▶ [YOUR TASK]: Reproduce exactly the lines from the one that holds "部屋の扉を開けると、那覇市内" through the last line of the entries, both ends included, but not the pictures.

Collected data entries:
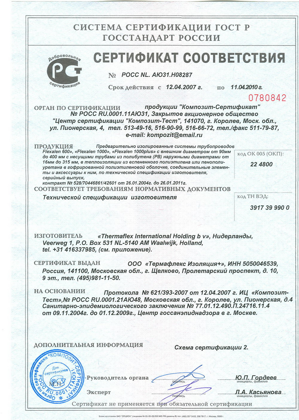 Сертификат соответствия: Флексален 600, Флексален 1000, Флексален 1000+.
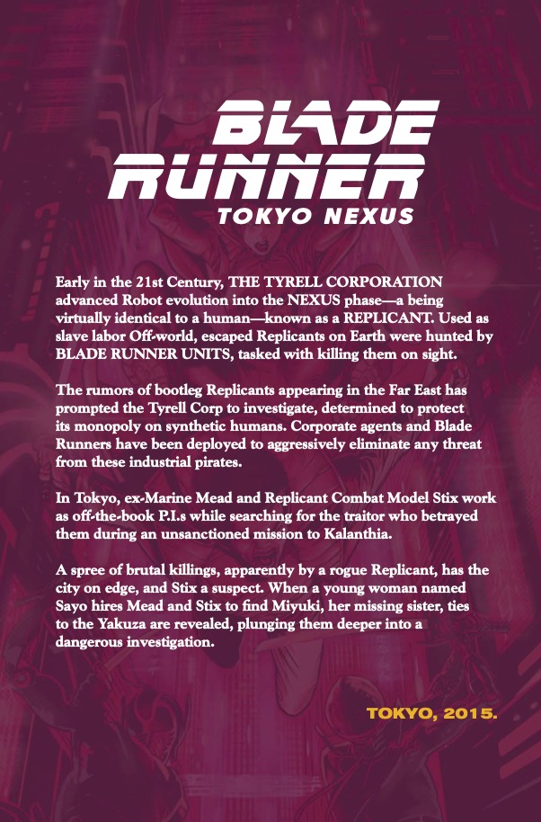 Now operating as an unofficial private detective agency, Stix and Mead find themselves caught up in a deadly Patent War between the Yakuza, the Tyrell Corporation and Cheshire, a rival corporation developing their own bootleg Replicant technology as they search for a missing woman.
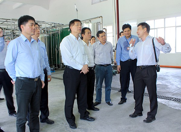 万印华研究员向邓麦村一行介绍膜法绿色制糖项目运行情况
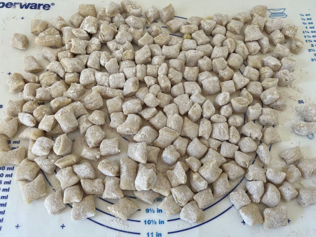 Ensuite, écrasons-les avec le presse-purée et déposons-les sur la planche à pâtisserie. ou une base d’appui. Ensuite, ajoutons la farine et commençons à mélanger avec les mains pour ensuite pétrir énergiquement pendant quelques minutes jusqu’à obtenir une pâte bien compacte. Ensuite, farinons-la bien, et avec un couteau coupons-la en tranches.
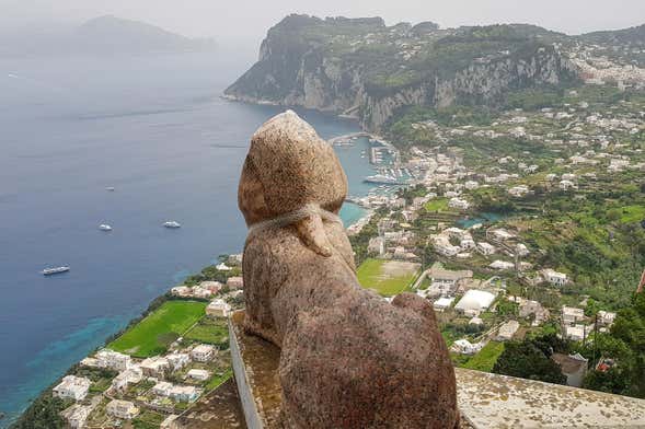 Una vez hayamos llegado a Capri, bordearemos la isla para descubrir sus principales encantos. Durante la travesía veremos varias cuevas marinas, admiraremos el faro de Punta Carena, las rocas Faraglioni y la famosa villa San Michele, ubicada en la cima de un acantilado. ¡Quedaréis enamorados de la vista de esta mansión del siglo XIX!
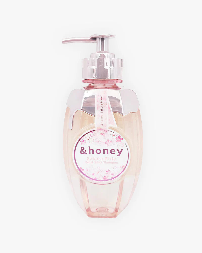 Limited Sakura edition of the Pixie “moist-silky” line, formulated to smooth tangles and flyaways while leaving hair soft and sleek. Cleanses gently with honey-based moisture care and a fresh Yaezakura (double-cherry blossom) honey scent. Best for hair that gets dry, frizzy, or easily knotted.
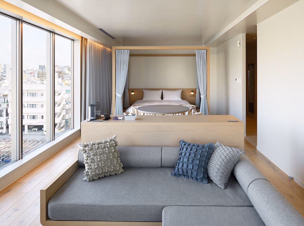 部屋の扉を開けると、那覇市内の一般的なホテルのサイズ感を大きく覆す、30平米以上の広々とした開放的な空間がゲストを出迎えます。深いブルーのカーペットと木の繊細なディテールが調和したインテリアは、どこを撮ってもスタイリッシュでSNS映えする一枚に仕上がります。
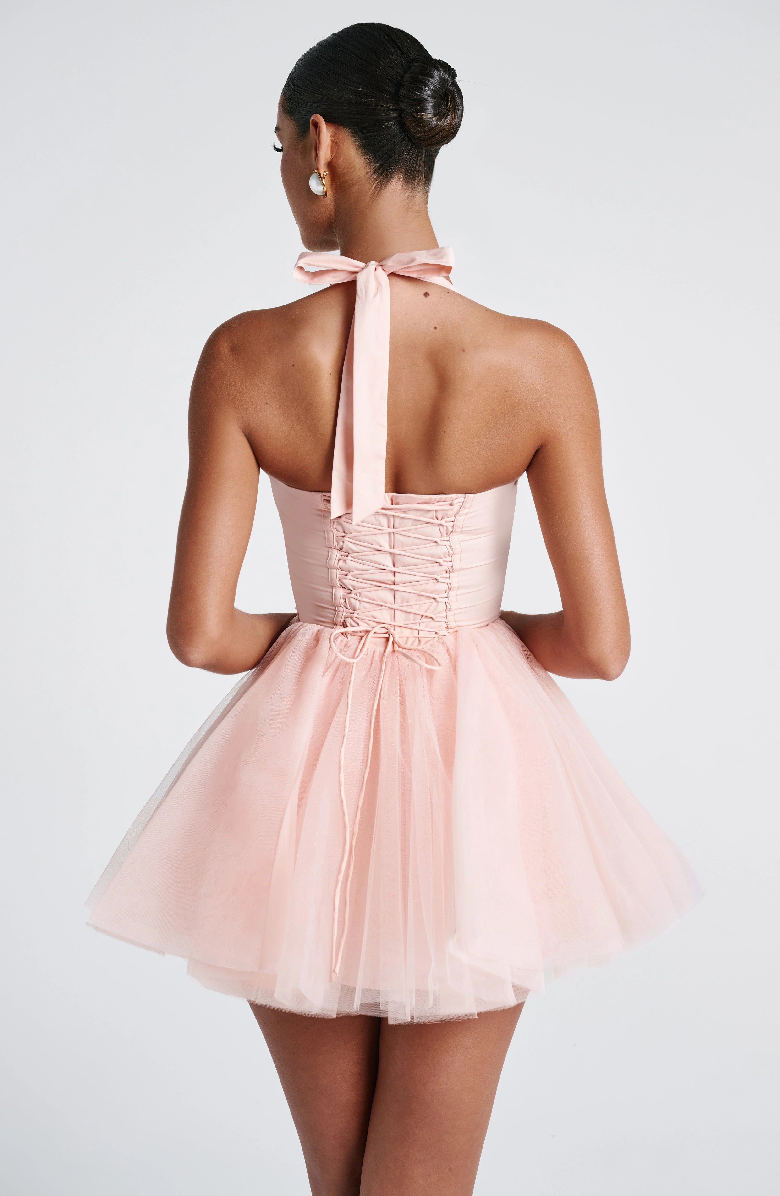 Turn heads in the Keely Mini Dress in Soft Peach - a dreamy blend of elegance and allure. Designed with an underwired, sweetheart neckline and pleated cups, it offers the perfect lift and shape. The halter neck straps tie gracefully at the back, while the lace-up back cinches your waist for a flawless fit. Finished with a full, tulle skirt, Keely delivers fairy-tale vibes with a flirty twist.

▶ [ANSWER TO THIS PROBLEM]:
 部屋の扉を開けると、那覇市内の一般的なホテルのサイズ感を大きく覆す、30平米以上の広々とした開放的な空間がゲストを出迎えます。深いブルーのカーペットと木の繊細なディテールが調和したインテリアは、どこを撮ってもスタイリッシュでSNS映えする一枚に仕上がります。
 Turn heads in the Keely Mini Dress in Soft Peach - a dreamy blend of elegance and allure. Designed with an underwired, sweetheart neckline and pleated cups, it offers the perfect lift and shape. The halter neck straps tie gracefully at the back, while the lace-up back cinches your waist for a flawless fit. Finished with a full, tulle skirt, Keely delivers fairy-tale vibes with a flirty twist.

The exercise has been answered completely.